By ELAINE WILLIAMS of the Tribune
Two business leaders say certain kinds of commerce have almost ground to a halt in the region because of a labor dispute at West Coast ports.
The volume of shipping containers being handled at Pacific ports has slowed as the International Longshore and Warehouse Union negotiates with the Pacific Maritime Association, which represents terminal operators, cargo handlers and cargo carriers. Each side blames the other for the backup.
The problems are reaching to small operations such as Inland Empire Milling in St. John, with 12 employees; larger ones like Brocke and Sons, which has a staff of about 40 in Kendrick; and even Lewiston’s largest private employer, Clearwater Paper.
Since slackwater came to Lewiston, Brocke and Sons Vice President Bert Brocke said the routes overseas have never been so congested.
Containers loaded in December for Inland Empire Milling Co. still haven’t been accepted at ports, said Jerry Schauble, owner of the company that exports wheat, barley, dried peas, corn and soybeans.
“Our customers are now wanting to back out of contracts we’ve made with them because they went ahead and sourced the product from other countries,” said Schauble, who sends 90 percent of his products through West Coast ports.
That’s not the only issue, Schauble said.

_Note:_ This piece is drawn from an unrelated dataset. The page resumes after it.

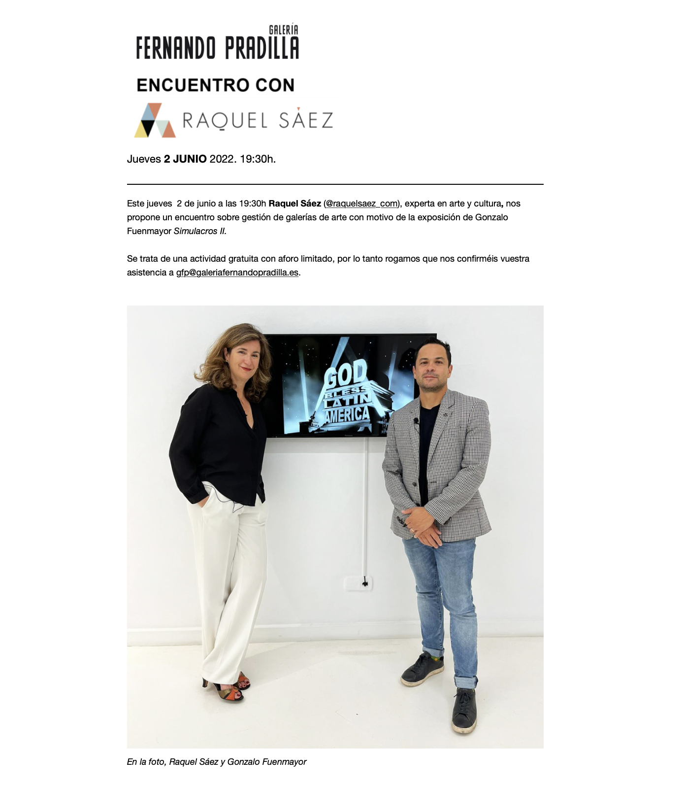 It will be possible to attend in person by confirming attendance at info@adoracalvo.com.

His business typically has five days from the time it retrieves a container from the coast to return it filled. But he can’t meet that time frame and is being charged extra because the system is so clogged.
Brocke and Sons is facing challenges because of the situation, too. Anywhere from 100 to 150 containers loaded with dried peas, lentils and garbanzo beans are stranded between Lewiston and Portland, Ore., waiting in line to go overseas. Brocke said he uses the Pacific ports to ship about 75 percent of his product.
None of his customers are walking yet, since they understand the company cannot control the slowdown. But he wonders how long that empathy will last.
Clearwater Paper mentioned the dispute in a conference call this week for analysts about its year-end results.
Paperboard sales declined 12 percent in the last three months of 2014, compared with July, August and September. That decrease was “well below” the company’s prediction of 4 to 8 percent, said Chief Financial Officer John Hertz.
“A typical fourth quarter decline was exacerbated by labor-related slowdowns at West coast ports,” he said during the call.
Relief could be on the horizon. The longshoreman union has described the two sides as being extremely close to an agreement. The Pacific Maritime Association announced this week that it made an offer that includes a 14 percent pay raise over five years and a continuation of medical benefits that have no premiums and no in-network deductibles or co-pays.
But even if the two sides settle today, both Schauble and Brocke said they’ll be dealing with the effects for months.
“We have been hurt and don’t even know to what extent yet because we don’t know when it’s going to end,” Schauble said.